Fertilizer. What a joke, right? Just as with Pets.com back in 2000, investors bought into another crazy bubble story about turning something mundane into something magnificent.

But wait a second. There is at least one slight difference. The fertilizer companies weren't just projecting future profits. They were -- scratch that, are -- making real money by the truckload.

Look at PotashCorp (NYSE:POT). In the recently tallied third quarter, the company earned a gross margin -- sales net of selling costs like ocean freight -- of $1.7 billion. Gross margin is driven largely by the company's namesake mineral fertilizer, and this company, like the Saudi Arabia of potash, has some of the only spare capacity in the world. As demand has grown and supply has tightened, PotashCorp has increased volumes and especially prices, translating to huge gains.

Earnings this quarter exceeded those for the entire record 2007 fiscal year. Chew on that for a moment.

OK. Clearly, prices for the goods sold by this company, and competitors like Mosaic (NYSE:MOS) and Agrium (NYSE:AGU), have run up unbelievably high. Is this just another tulip mania?

Tulips are nice and all, but the world doesn't need 'em. Food, which can only feed the 6.7 billion inhabitants of this earth with the help of fertilizers, is a little more fundamental. PotashCorp's CEO probably doesn't need to point this out to anyone, but here it is: "[T]he need for food is not abating."

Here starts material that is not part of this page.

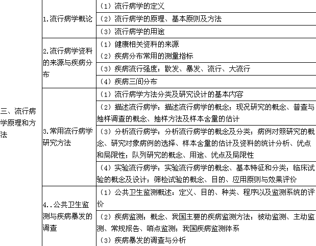 | 4.环境卫生 | (1)概述 (2)常见生物地球化学性疾病 (3)饮用水卫生:介水传染病的特点、水源选择与卫生防护、饮用水的常用消毒方法 (4)土壤污染:来源和健康危害,粪便和垃圾无害化处理 (5)室内空气污染:来源和健康危害、预防控制措施 |

On second thought, maybe he does need to point this out. People have concocted all kinds of ideas about the fragile state of the world today. It's important to remember that agricultural cycles can follow a rhythm all their own.

I'm watching corn and soybean futures plummet here, which does argue for diminished fertilizer demand in the months ahead, but the self-correcting mechanism is important to recognize. I've noted before that global food stocks -- and by that, I don't mean Kraft (NYSE:KFT) or Monsanto (NYSE:MON) -- sit around multidecade lows. Anything less than a bumper crop next year, and prices will march higher in a hurry, as shortages of staples like wheat and rice start to emerge.

I liked PotashCorp at twice today's price, so you'd better believe I like it down here.